Alors qu’un hommage national a été rendu vendredi aux harkis, ceux-ci restent habités par un profond sentiment d’injustice. Cette semaine à Roubaix, « capitale des harkis » de la région, trois générations ont exprimé leur colère et exigé de l’État qu’il honore la dette de la France à leur égard.

Mardi soir, (22-09-2015 ) les harkis ont fait entendre leur colère dans les salons de l’hôtel de ville de Roubaix. PHOTO « la voix »

« Ce n’est pas un caillou, mais un pavé dans la chaussure de la République. » Brahim Bourabaa est formel. Ce fils de harki, qui a grandi dans un camp de réfugiés au sud de la France, est bien placé pour parler du sujet : il est le président du comité régional de concertation des rapatriés d’Algérie. Cette qualité le fait arpenter la région pour sonder le terrain. Comme à Roubaix et Tourcoing où il s’est déplacé cette semaine à la veille de la journée nationale d’hommage aux anciens supplétifs de l’armée française, qui a eu lieu ce vendredi.

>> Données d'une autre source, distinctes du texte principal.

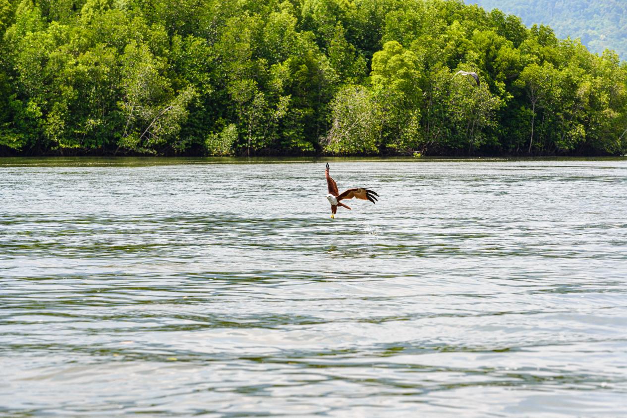 丹绒鲁海滩的红树林生态游,像把Discovery频道的画面搬到了现实。乘船穿梭在盘根错节的水道间,船夫会演示传统的老鹰喂食——随着食物抛向水面,数十只栗鸢俯冲而下的场面相当震撼。沿途经过的蝙蝠洞和鳄鱼洞保留着原始状态,手电照亮岩壁时,能看到倒悬的果蝠群和古老的钟乳石。行程高潮是漂浮午餐,船家把餐食摆在船板上的简易木桌,在海风摇晃中享用刚捕捞的海鲜,这种野生又松弛的用餐体验,城市餐厅根本复制不了。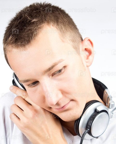 Портрет красивого молодого человека с наушниками, на сером фоне

Il n’a pas été déçu. « Ça fait 50 ans qu’on nous prend pour des imbéciles. Nos subventions baissent. Des familles ne mangent pas à leur faim. Qu’est-ce qu’on doit faire pour être entendu ? Casser ? », l’interpelle Omar Chalbi, le président de l’association des Français rapatriés d’Afrique du Nord (AFRAN). Applaudissements nourris. Plus loin, un homme prend la parole timidement. « Moi, je ne demande rien. Mais c’est à cause de la France que je n’ai jamais connu ma mère. Ça se répare, ça ? », grince-t-il. D’autres s’étonnent de voir l’État offrir l’hospitalité aux réfugiés syriens quand eux ont l’impression de « devoir mendier depuis 53 ans ». Syndicaliste à La Redoute, Malika Azzaz estime que les harkis doivent prendre exemple sur les chibanis marocains, qui ont obtenu satisfaction dans leur conflit avec la SNCF. « Imitons-les, et attaquons l’État en justice ! », tempête-t-elle.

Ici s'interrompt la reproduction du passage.